* Data for analysis
________________________

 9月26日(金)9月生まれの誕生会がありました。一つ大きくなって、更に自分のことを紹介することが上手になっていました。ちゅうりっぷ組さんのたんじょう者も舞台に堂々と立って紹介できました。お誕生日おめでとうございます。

________________________

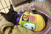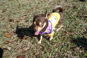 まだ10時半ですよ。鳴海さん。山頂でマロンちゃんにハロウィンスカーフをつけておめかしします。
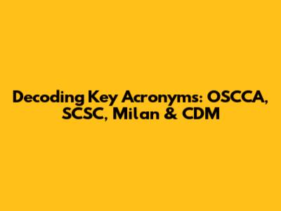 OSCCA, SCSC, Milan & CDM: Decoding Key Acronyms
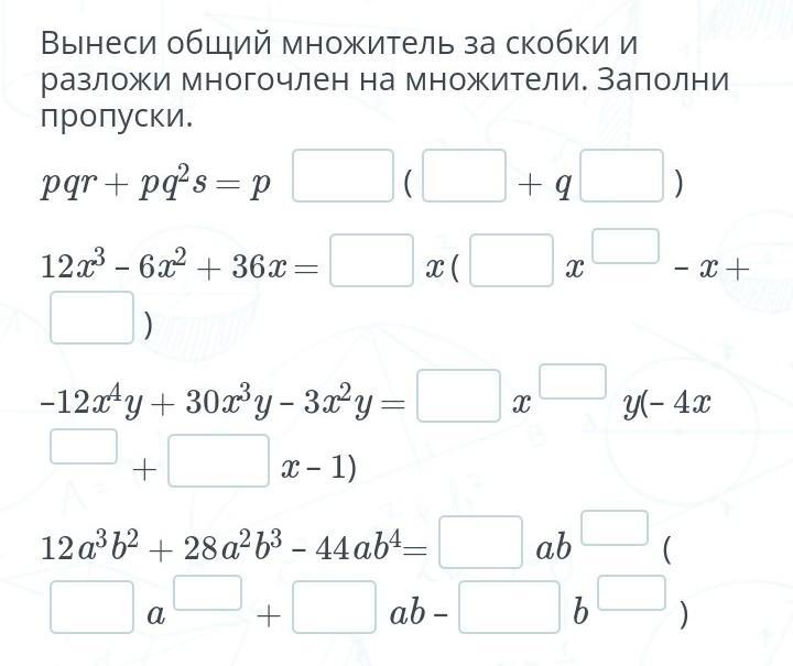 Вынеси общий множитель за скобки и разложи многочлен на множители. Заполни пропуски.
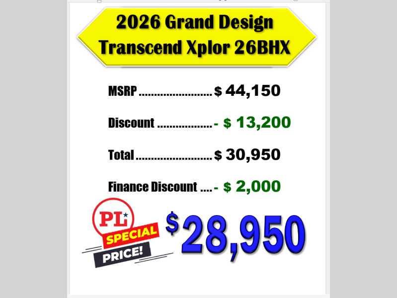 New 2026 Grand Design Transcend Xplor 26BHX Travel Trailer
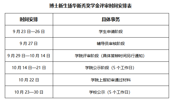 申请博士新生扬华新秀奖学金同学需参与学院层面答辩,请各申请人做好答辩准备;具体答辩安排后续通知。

________________________

* What this task involves
The output is the stretch above from the line with "OSCCA, SCSC, Milan" through the line with "申请博士新生扬华新秀奖学金同", copied word for word with both ends kept and every picture dropped.

* Solution
 OSCCA, SCSC, Milan & CDM: Decoding Key Acronyms
 Вынеси общий множитель за скобки и разложи многочлен на множители. Заполни пропуски.
 New 2026 Grand Design Transcend Xplor 26BHX Travel Trailer
 申请博士新生扬华新秀奖学金同学需参与学院层面答辩,请各申请人做好答辩准备;具体答辩安排后续通知。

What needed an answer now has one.